(58)【調査した分野】(Int.Cl.,DB名)
前記ビルダグリプチン100質量部に対して、前記香料を合計0.1質量部以上で接触させる請求項4から5のいずれかに記載の医薬組成物におけるビルダグリプチンの臭い抑制方法。
前記香料が、前記ビルダグリプチン100質量部に対して、合計0.1質量部以上で使用される請求項7から8のいずれかに記載の医薬組成物におけるビルダグリプチンの臭い抑制剤。
【発明を実施するための形態】
【0009】
(ビルダグリプチン含有医薬組成物)
本発明のビルダグリプチン含有医薬組成物は、ビルダグリプチンと、バニラ香料、マルトール系香料、ヨーグルト香料、及びアップル香料からなる群から選択される少なくとも1種の香料とを少なくとも含み、必要に応じて更にその他の成分を含む。
【0010】
<ビルダグリプチン>
前記ビルダグリプチンは下記構造式で表される化合物である(化学名:(2S)−1−{[(3−Hydroxytricyclo[3.3.1.1
3,7]dec−1−yl)amino]acetyl}pyrrolidine−2−carbonitrile)。前記ビルダグリプチンは、塩の形態であってもよい。

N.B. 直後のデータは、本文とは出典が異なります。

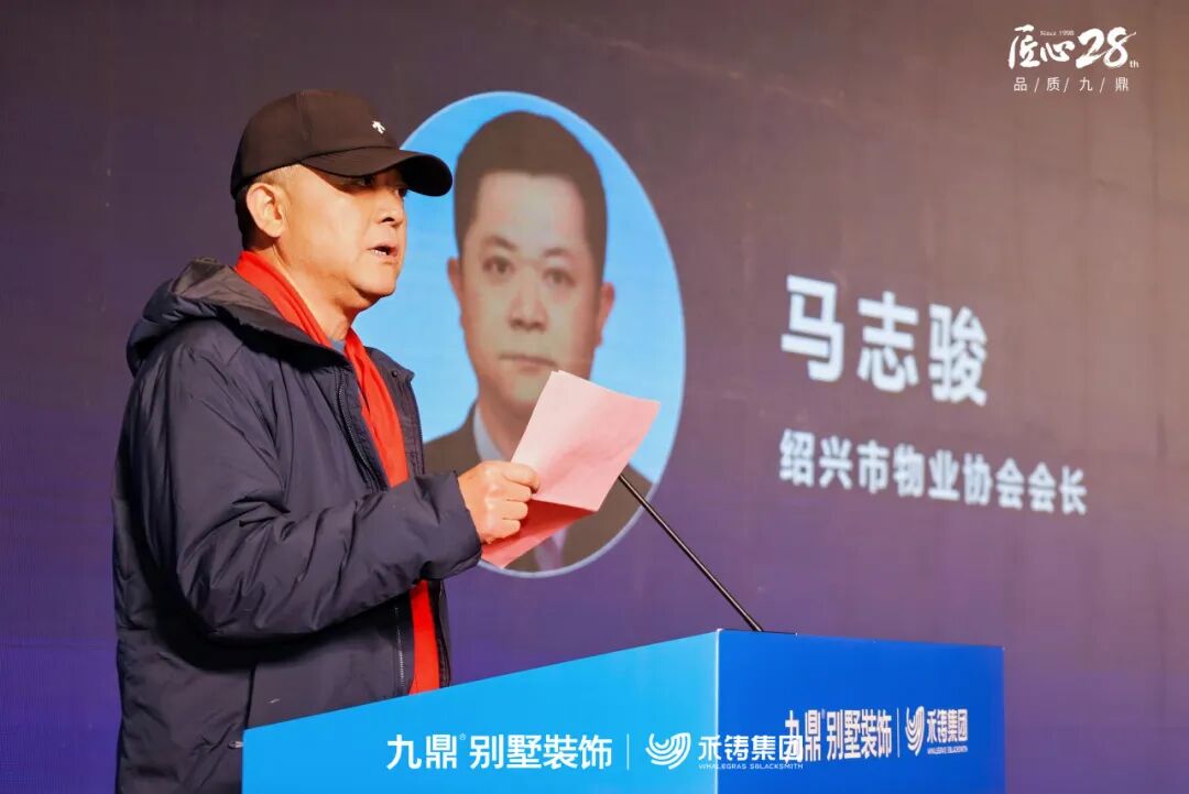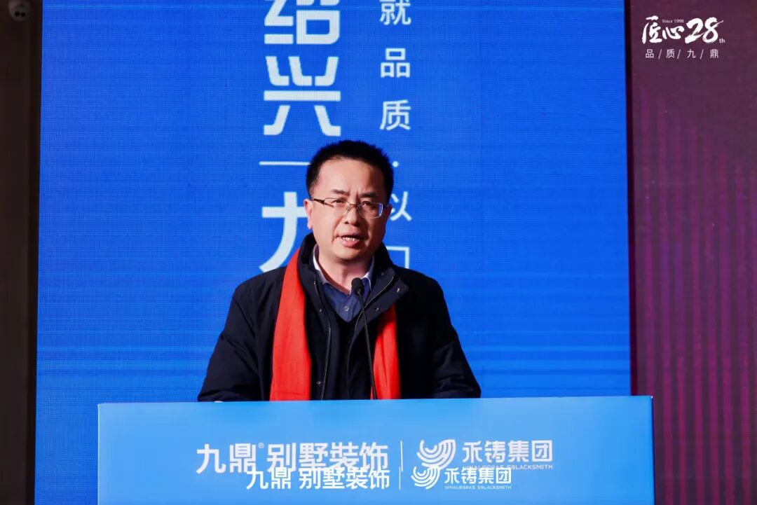 绍兴九鼎装饰总经理钟河北致欢迎辞。他深情回顾了九鼎在绍兴的深耕历程,对各界长期以来的支持表示感谢,并阐述了举办此次盛会,旨在以更高标准回馈客户,以荣誉激励团队,共同开启精工品质的新篇章。

前記ビルダグリプチンは、公知の方法により製造したものを使用してもよいし、市販品を使用してもよい。
【化2】
【0011】
前記ビルダグリプチンの前記ビルダグリプチン含有医薬組成物における含有量としては、特に制限はなく、目的に応じて適宜選択することができる。
【0012】
<バニラ香料、マルトール系香料、ヨーグルト香料、及びアップル香料からなる群から選択される少なくとも1種の香料>
前記バニラ香料、マルトール系香料、ヨーグルト香料、及びアップル香料からなる群から選択される少なくとも1種の香料は、1種単独で使用してもよいし、2種以上を併用してもよい。これらの中でも、少ない添加量で医薬組成物におけるビルダグリプチンの特有の臭いを抑制することができる点で、マルトール系香料及びアップル香料からなる群から選択される少なくとも1種の香料を含有することが好ましい。
【0013】
前記バニラ香料、マルトール系香料、ヨーグルト香料、及びアップル香料からなる群から選択される少なくとも1種の香料の前記医薬組成物における合計含有量としては、特に制限はなく、目的に応じて適宜選択することができるが、医薬組成物におけるビルダグリプチンの特有の臭いをより抑制することができる点で、前記ビルダグリプチン100質量部に対し、0.1質量部以上が好ましく、0.2質量部以上がより好ましく、0.3質量部以上1.0質量部以下が更に好ましく、0.4質量部以上0.7質量部以下が特に好ましい。
【0014】
−バニラ香料−
前記バニラ香料は、匂いをかいだときにバニラの香りがする香料をいう。
前記バニラ香料に含まれる成分としては、特に制限はなく、目的に応じて適宜選択することができ、例えば、バニリン、エチルバニリンなどが挙げられる。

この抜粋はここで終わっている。